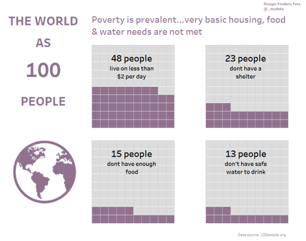 This week for Makeover monday week 48 we were asked to visualise data from 100people.org: The world as 100 people To keep with my Tableau tradition, I decided to learn a new trick. This week I wanted to learn how to make Waffle Charts. I found a great tutorial from Andy's Tableau tip Tuesday ... Continue Reading →
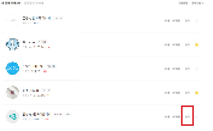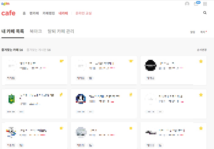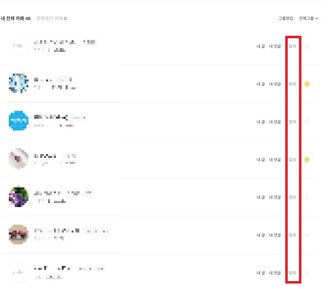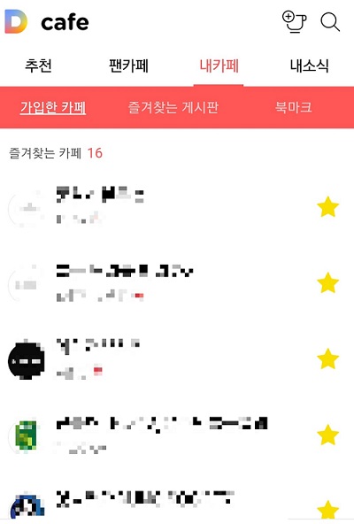 내 카페 목록이 쭉 있습니다. 여기서 먼저 즐겨찾는 카페가 나오는데요.
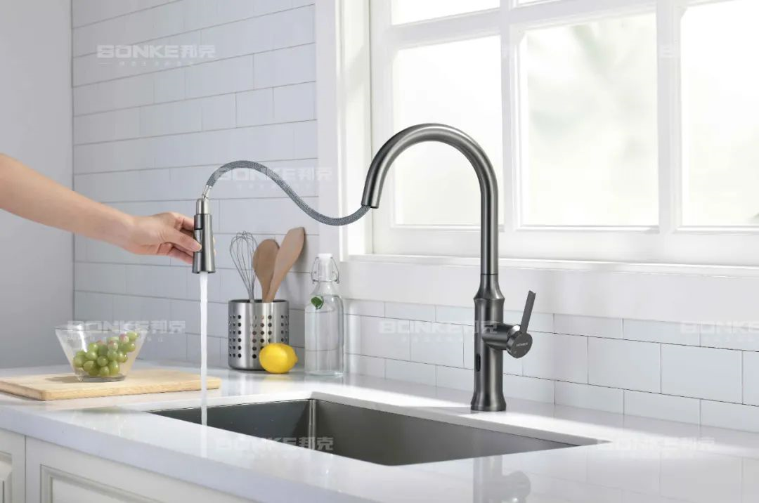 此外,邦克智能語音紅外廚房龍頭還配備了紅外傳感器,能夠直觀理解用戶當前想要的操作,恰到好處地為用戶開關龍頭。只要在龍頭的傳感器前輕輕揮手,水流自來,再次揮手就能輕松關掉水流。

-=-=-=-=-

TASK REQUIREMENTS » Starting with the line that holds "내 카페 목록이 쭉 있습니다. 여기서 먼저 즐겨찾는 카페가 나오는데요.", reproduce exactly each line up to and including the last line of the material above, and drop the pictures.

RESPONSE BOX »
 내 카페 목록이 쭉 있습니다. 여기서 먼저 즐겨찾는 카페가 나오는데요.
 此外,邦克智能語音紅外廚房龍頭還配備了紅外傳感器,能夠直觀理解用戶當前想要的操作,恰到好處地為用戶開關龍頭。只要在龍頭的傳感器前輕輕揮手,水流自來,再次揮手就能輕松關掉水流。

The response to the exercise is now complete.